# A dicontinuous additive but not homogenuous function

• Nov 19th 2012, 04:11 AM
raed
A dicontinuous additive but not homogenuous function
Dear Friends,

Can any one help me in finding a discontinuous additive (i.e. f(x+y)=f(x)+f(y) ) function on the real numbers R such which is not homogeneous (i.e. f(ax) is not equal to af(x) for any a in R)

Regards
Raed
• Nov 19th 2012, 09:49 PM
Re: A dicontinuous additive but not homogenuous function
We are given that the function must satisfy the following conditions
\$\displaystyle \\(i) f(x+y) = f(x) + f(y)\\(ii) f(ax) \neq af(x)\$

We can rewrite \$\displaystyle f(ax) = f(ax) + f(0)\$ by property (i) and we know that \$\displaystyle f(ax) + f(0) \neq af(x)\$ by property (ii).
Property (ii) can also be interpreted as "if the function undergoes a horizontal stretch by a factor of 1/a, then the function is not the same as if it were vertically stretched by a factor of a"

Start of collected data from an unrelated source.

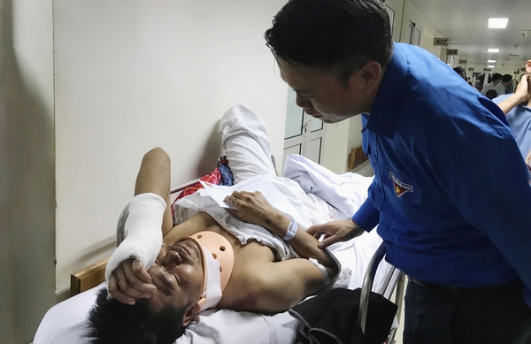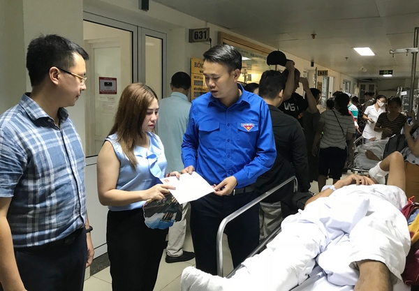 Đồng chí Đỗ Tiến Dũng, Phó Ban Thanh niên Công nhân và Đô thị Trung ương Đoàn thăm hỏi động viên anh Lương Văn May tại Bệnh viện Việt Đức
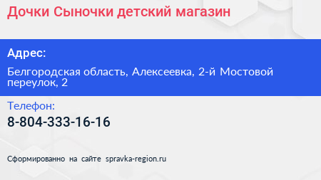 Дочки-Сыночки, детский магазин по адресу Белгородская область, Алексеевка, 2-й Мостовой переулок, 2 в дальнейшем Организация, размещена в следующих категориях:
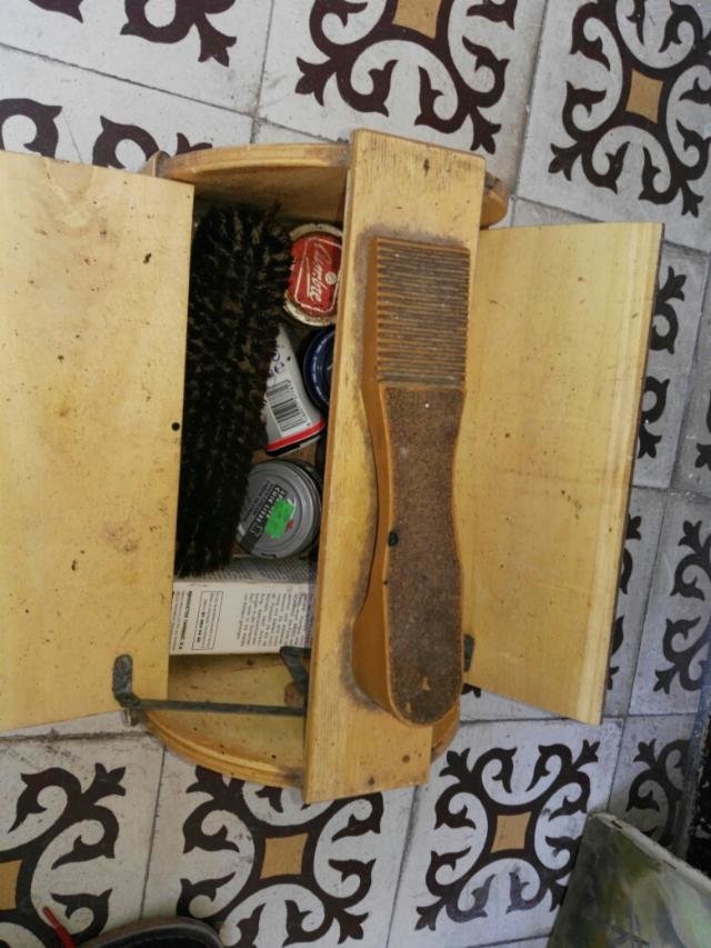 Desde Tudela se vende también un "limpiador de sabatos", nombre que reza el título del anuncio y que, en realidad, hace mención a un limpiador de zapatos propiamente dicho. Tal y como se muestra en la imagen, incluye los propios líquidos típicos para llevar a cabo esta tarea. Aunque no dice si el betún viene incluido, pide 55 euros por el objeto en cuestión. (Se puede ver el limpiador en la sexta imagen de la imagen adjunta a esta información).
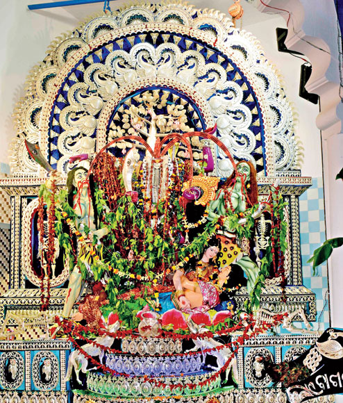 Unlike the chandi medhas of the other puja mandaps in the city, the silver tarkashi backdrop at Bakhrabad has a tree, along with motifs of skeleton, wolves and owls, that relates to death.
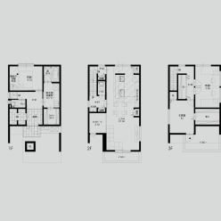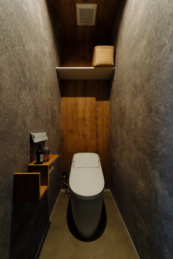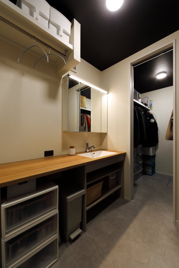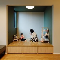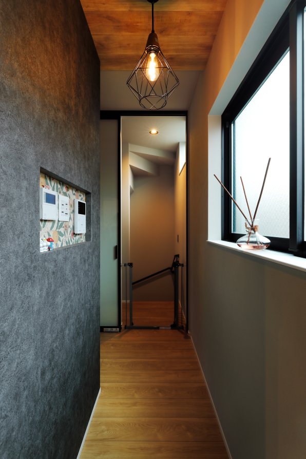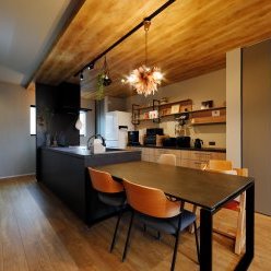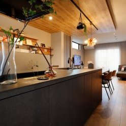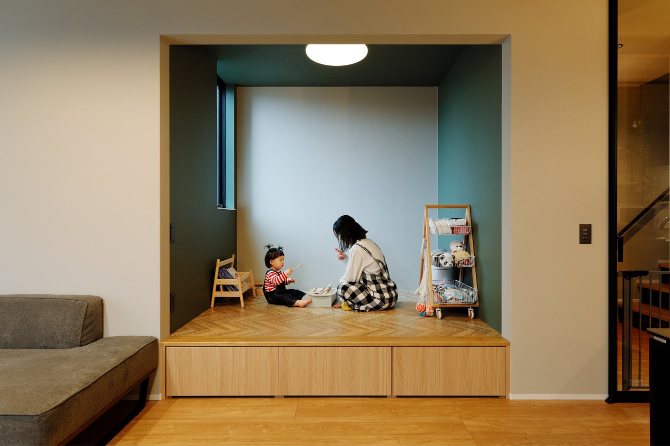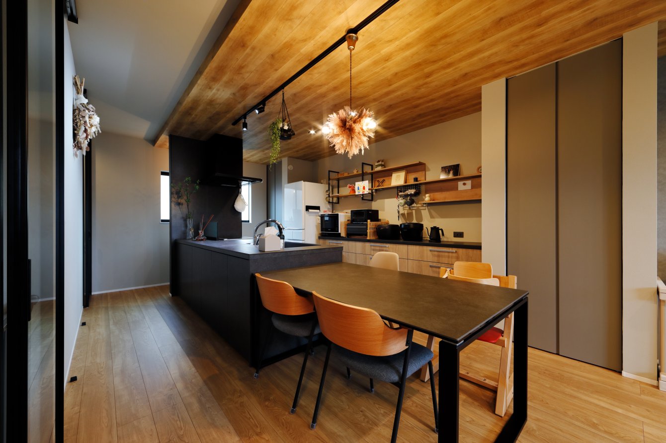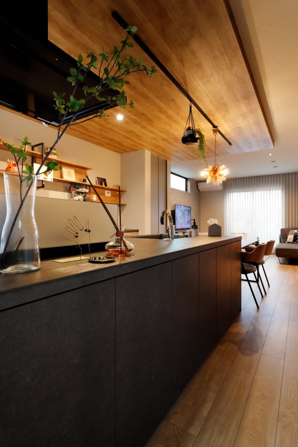 ナチュラルな外壁カラーと軒天の木目がやわらかく馴染むM様の住まい。コンパクトな敷地を最大限に活かすプランと、ひときわ目を惹くデザインが特長です。1階は水回りと大容量のクローゼット、トレーニングルームを配して機能的に。2階は小上がりヌックのあるLDKで、フロア全面をゆったりと使う広々とした空間を叶えています。外からの光を取り込む伸びやかなスペースは、家族みんなが集まるお気に入りの場所。やさしいアースカラーの配色と直線的なデザインを融合し、居心地よく、かっこよく。そんなお住まいが完成しました。

It should be noted also that additivity implies homogeneity for an rational constant a and for continuous functions. Also note that if \$\displaystyle f(0)=c\$ for some non-zero constant, then \$\displaystyle f(0+0) = f(0) = c\$ and \$\displaystyle f(0) + f(0) = 2c\$, a contradiction. so \$\displaystyle f(0)=0\$

Let
f(x) = 0 if x=0
-1 if x<0
1 if x>0

f(x+0) = f(x) = f(x) + 0 = f(x) + f(0)
For x and y with the same sign, then f(x+y) = f(x) + f(y)
Without loss of generality if x>y and x is positive and y is negative and x not equal to y, x+y > 0 and f(x+y) = 1 f(x)+f(y) = 1-1 = 0

So we can't use a simple piecewise function...

I'm stumped for now but tell me what you have so far. I'll sleep on it.

EDIT: The irony is that I almost forgot about a certain concept called "Freshman's Dream". I just don't know how to formally write it down. Maybe this doesn't make any sense.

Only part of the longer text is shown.